PROVIDED ENTRIES below:
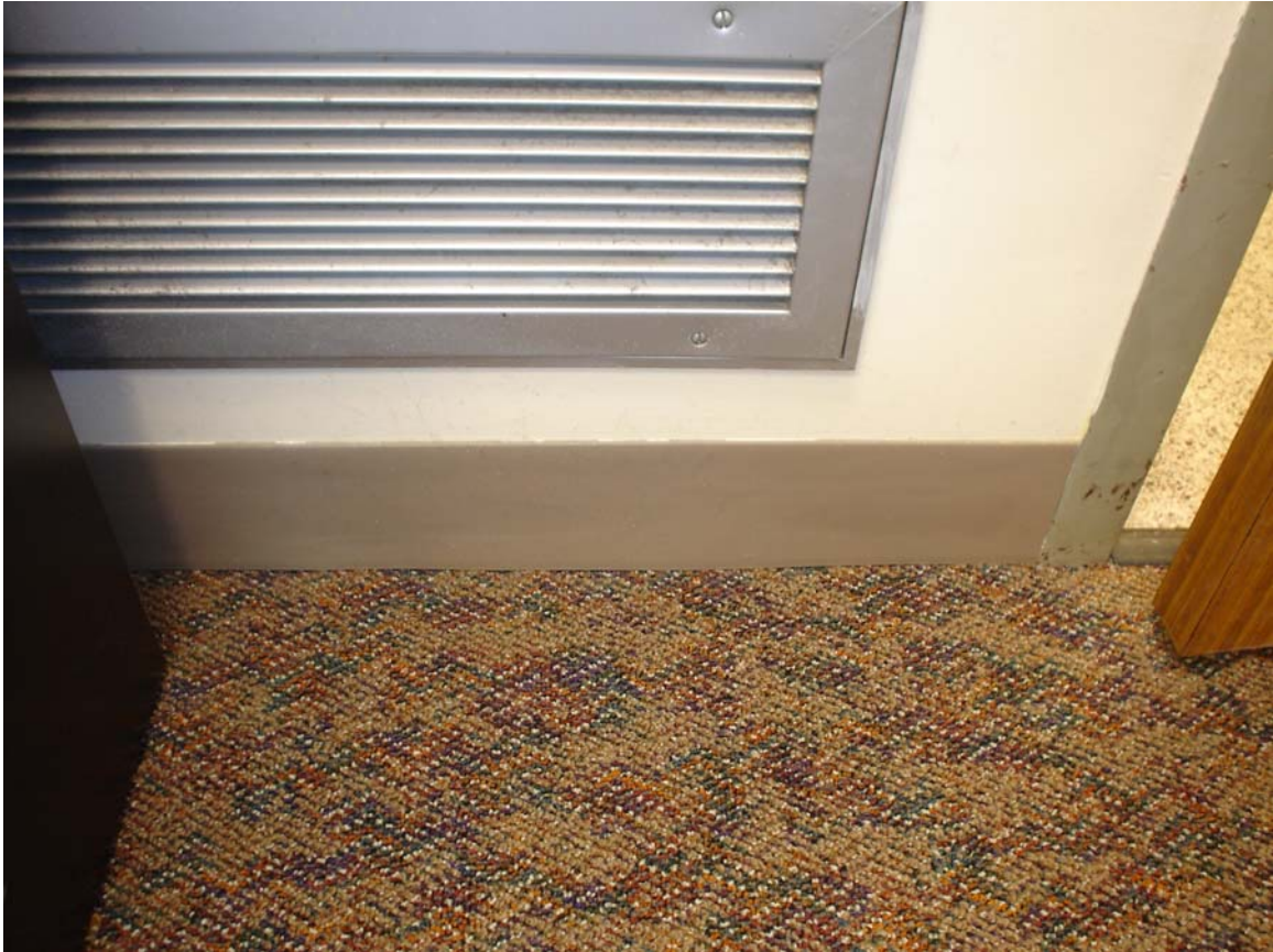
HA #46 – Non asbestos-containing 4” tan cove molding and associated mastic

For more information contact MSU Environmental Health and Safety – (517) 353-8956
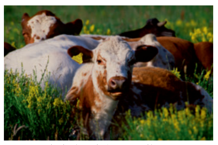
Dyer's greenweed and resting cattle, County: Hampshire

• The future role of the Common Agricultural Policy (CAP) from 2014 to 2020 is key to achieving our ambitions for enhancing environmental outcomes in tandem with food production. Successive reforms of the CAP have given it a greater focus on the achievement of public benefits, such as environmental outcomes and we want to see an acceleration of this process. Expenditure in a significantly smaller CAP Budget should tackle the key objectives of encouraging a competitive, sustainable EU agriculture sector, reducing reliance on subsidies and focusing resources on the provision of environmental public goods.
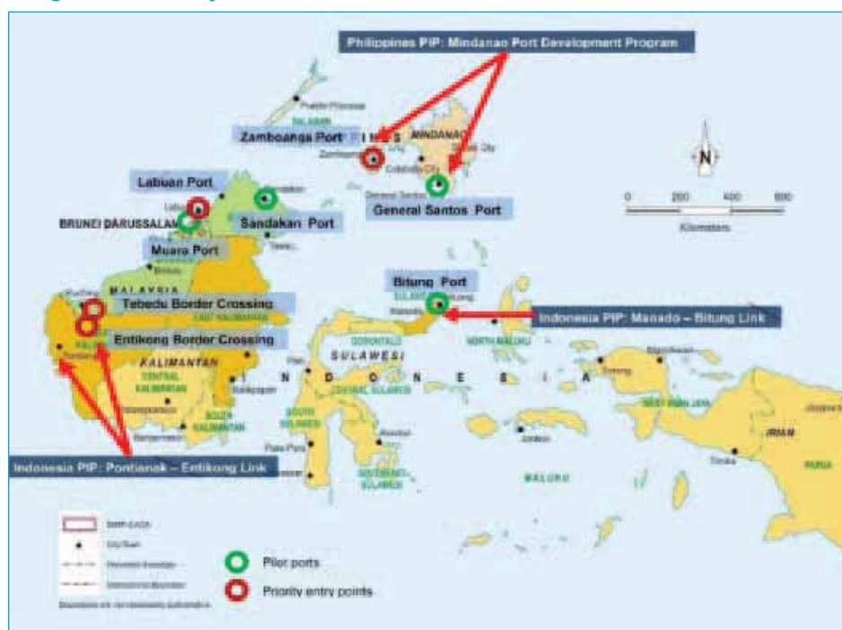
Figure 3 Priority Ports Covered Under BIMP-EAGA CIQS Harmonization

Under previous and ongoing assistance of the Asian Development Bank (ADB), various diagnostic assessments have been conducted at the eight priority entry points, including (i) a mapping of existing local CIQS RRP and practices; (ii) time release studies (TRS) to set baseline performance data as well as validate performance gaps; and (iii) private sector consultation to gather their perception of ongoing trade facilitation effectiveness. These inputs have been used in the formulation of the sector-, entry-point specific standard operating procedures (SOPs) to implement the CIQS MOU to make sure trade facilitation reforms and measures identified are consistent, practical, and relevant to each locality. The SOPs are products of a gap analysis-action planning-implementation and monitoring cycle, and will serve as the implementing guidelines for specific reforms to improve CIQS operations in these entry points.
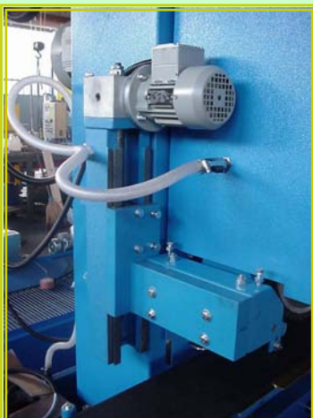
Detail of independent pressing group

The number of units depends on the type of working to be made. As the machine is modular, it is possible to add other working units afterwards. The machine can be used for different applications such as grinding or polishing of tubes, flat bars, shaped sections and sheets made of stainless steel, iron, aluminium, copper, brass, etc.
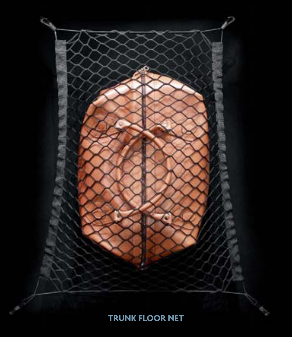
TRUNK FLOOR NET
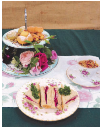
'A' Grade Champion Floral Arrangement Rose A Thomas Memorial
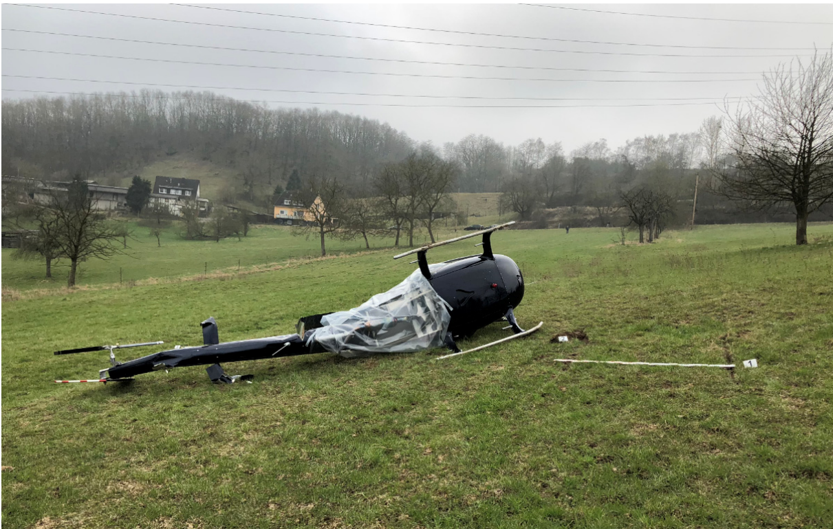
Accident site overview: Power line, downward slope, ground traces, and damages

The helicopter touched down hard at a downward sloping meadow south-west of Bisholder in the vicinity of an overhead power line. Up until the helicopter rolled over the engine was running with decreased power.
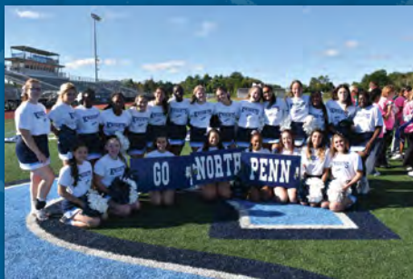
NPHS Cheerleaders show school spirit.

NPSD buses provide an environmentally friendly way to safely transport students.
End of PROVIDED ENTRIES.
- **TASK DETAILS**
The result should be the same data as above, line for line, with the pictures gone.

- **RESPONSE TO THIS EXERCISE**
HA #46 – Non asbestos-containing 4” tan cove molding and associated mastic

For more information contact MSU Environmental Health and Safety – (517) 353-8956
Dyer's greenweed and resting cattle, County: Hampshire

• The future role of the Common Agricultural Policy (CAP) from 2014 to 2020 is key to achieving our ambitions for enhancing environmental outcomes in tandem with food production. Successive reforms of the CAP have given it a greater focus on the achievement of public benefits, such as environmental outcomes and we want to see an acceleration of this process. Expenditure in a significantly smaller CAP Budget should tackle the key objectives of encouraging a competitive, sustainable EU agriculture sector, reducing reliance on subsidies and focusing resources on the provision of environmental public goods.
Figure 3 Priority Ports Covered Under BIMP-EAGA CIQS Harmonization

Under previous and ongoing assistance of the Asian Development Bank (ADB), various diagnostic assessments have been conducted at the eight priority entry points, including (i) a mapping of existing local CIQS RRP and practices; (ii) time release studies (TRS) to set baseline performance data as well as validate performance gaps; and (iii) private sector consultation to gather their perception of ongoing trade facilitation effectiveness. These inputs have been used in the formulation of the sector-, entry-point specific standard operating procedures (SOPs) to implement the CIQS MOU to make sure trade facilitation reforms and measures identified are consistent, practical, and relevant to each locality. The SOPs are products of a gap analysis-action planning-implementation and monitoring cycle, and will serve as the implementing guidelines for specific reforms to improve CIQS operations in these entry points.
Detail of independent pressing group

The number of units depends on the type of working to be made. As the machine is modular, it is possible to add other working units afterwards. The machine can be used for different applications such as grinding or polishing of tubes, flat bars, shaped sections and sheets made of stainless steel, iron, aluminium, copper, brass, etc.
TRUNK FLOOR NET
'A' Grade Champion Floral Arrangement Rose A Thomas Memorial
Accident site overview: Power line, downward slope, ground traces, and damages

The helicopter touched down hard at a downward sloping meadow south-west of Bisholder in the vicinity of an overhead power line. Up until the helicopter rolled over the engine was running with decreased power.
NPHS Cheerleaders show school spirit.

NPSD buses provide an environmentally friendly way to safely transport students.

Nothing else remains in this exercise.